**The task**
The first line of the entries through the line bearing "Two Sexy MILF&039;s": copy these lines exactly and return nothing else.

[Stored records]
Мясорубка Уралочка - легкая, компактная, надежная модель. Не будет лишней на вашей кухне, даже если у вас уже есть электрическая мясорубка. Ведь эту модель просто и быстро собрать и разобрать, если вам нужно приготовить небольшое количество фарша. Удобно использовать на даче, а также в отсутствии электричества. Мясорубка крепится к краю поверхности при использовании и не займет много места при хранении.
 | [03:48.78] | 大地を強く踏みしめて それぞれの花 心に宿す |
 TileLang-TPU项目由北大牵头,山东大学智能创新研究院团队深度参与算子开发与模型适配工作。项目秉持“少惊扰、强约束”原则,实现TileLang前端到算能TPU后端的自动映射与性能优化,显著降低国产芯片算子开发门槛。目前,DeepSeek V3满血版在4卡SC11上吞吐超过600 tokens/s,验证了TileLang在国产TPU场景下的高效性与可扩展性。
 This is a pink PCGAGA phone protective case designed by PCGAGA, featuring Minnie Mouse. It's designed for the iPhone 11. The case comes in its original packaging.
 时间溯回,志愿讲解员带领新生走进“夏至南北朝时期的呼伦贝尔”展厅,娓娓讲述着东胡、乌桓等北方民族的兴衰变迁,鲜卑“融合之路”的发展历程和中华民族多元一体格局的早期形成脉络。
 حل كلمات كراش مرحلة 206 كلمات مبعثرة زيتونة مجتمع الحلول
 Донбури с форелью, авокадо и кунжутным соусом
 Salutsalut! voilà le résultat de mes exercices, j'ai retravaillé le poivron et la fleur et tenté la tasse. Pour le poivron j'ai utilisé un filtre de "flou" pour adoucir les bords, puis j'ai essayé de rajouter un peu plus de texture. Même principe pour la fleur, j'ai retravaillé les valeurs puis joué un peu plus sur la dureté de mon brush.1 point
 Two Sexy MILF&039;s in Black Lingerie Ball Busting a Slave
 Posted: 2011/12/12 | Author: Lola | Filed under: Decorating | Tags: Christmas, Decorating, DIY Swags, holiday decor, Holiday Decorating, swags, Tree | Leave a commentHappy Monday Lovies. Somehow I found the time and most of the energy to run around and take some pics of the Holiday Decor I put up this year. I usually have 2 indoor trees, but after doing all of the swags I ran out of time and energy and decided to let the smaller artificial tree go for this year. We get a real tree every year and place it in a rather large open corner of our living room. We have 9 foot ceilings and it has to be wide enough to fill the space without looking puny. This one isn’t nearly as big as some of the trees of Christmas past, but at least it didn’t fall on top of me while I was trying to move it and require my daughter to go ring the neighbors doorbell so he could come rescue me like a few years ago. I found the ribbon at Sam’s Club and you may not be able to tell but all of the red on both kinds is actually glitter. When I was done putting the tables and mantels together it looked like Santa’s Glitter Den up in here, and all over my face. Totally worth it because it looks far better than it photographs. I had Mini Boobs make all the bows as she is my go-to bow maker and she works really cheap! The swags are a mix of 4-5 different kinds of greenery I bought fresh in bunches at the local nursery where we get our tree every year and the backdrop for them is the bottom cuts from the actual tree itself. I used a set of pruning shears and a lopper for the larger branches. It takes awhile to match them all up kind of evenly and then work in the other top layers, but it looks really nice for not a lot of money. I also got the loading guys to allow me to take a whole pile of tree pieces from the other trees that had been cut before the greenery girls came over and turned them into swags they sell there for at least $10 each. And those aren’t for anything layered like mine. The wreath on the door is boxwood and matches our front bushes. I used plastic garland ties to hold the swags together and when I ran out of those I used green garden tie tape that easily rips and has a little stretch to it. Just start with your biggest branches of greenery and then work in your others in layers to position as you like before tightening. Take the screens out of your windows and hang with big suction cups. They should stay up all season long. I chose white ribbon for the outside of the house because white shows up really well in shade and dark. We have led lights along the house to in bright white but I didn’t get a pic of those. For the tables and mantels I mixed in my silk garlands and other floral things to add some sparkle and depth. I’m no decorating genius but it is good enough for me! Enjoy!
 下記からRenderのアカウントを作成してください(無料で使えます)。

**Reply to the task**
Мясорубка Уралочка - легкая, компактная, надежная модель. Не будет лишней на вашей кухне, даже если у вас уже есть электрическая мясорубка. Ведь эту модель просто и быстро собрать и разобрать, если вам нужно приготовить небольшое количество фарша. Удобно использовать на даче, а также в отсутствии электричества. Мясорубка крепится к краю поверхности при использовании и не займет много места при хранении.
 | [03:48.78] | 大地を強く踏みしめて それぞれの花 心に宿す |
 TileLang-TPU项目由北大牵头,山东大学智能创新研究院团队深度参与算子开发与模型适配工作。项目秉持“少惊扰、强约束”原则,实现TileLang前端到算能TPU后端的自动映射与性能优化,显著降低国产芯片算子开发门槛。目前,DeepSeek V3满血版在4卡SC11上吞吐超过600 tokens/s,验证了TileLang在国产TPU场景下的高效性与可扩展性。
 This is a pink PCGAGA phone protective case designed by PCGAGA, featuring Minnie Mouse. It's designed for the iPhone 11. The case comes in its original packaging.
 时间溯回,志愿讲解员带领新生走进“夏至南北朝时期的呼伦贝尔”展厅,娓娓讲述着东胡、乌桓等北方民族的兴衰变迁,鲜卑“融合之路”的发展历程和中华民族多元一体格局的早期形成脉络。
 حل كلمات كراش مرحلة 206 كلمات مبعثرة زيتونة مجتمع الحلول
 Донбури с форелью, авокадо и кунжутным соусом
 Salutsalut! voilà le résultat de mes exercices, j'ai retravaillé le poivron et la fleur et tenté la tasse. Pour le poivron j'ai utilisé un filtre de "flou" pour adoucir les bords, puis j'ai essayé de rajouter un peu plus de texture. Même principe pour la fleur, j'ai retravaillé les valeurs puis joué un peu plus sur la dureté de mon brush.1 point
 Two Sexy MILF&039;s in Black Lingerie Ball Busting a Slave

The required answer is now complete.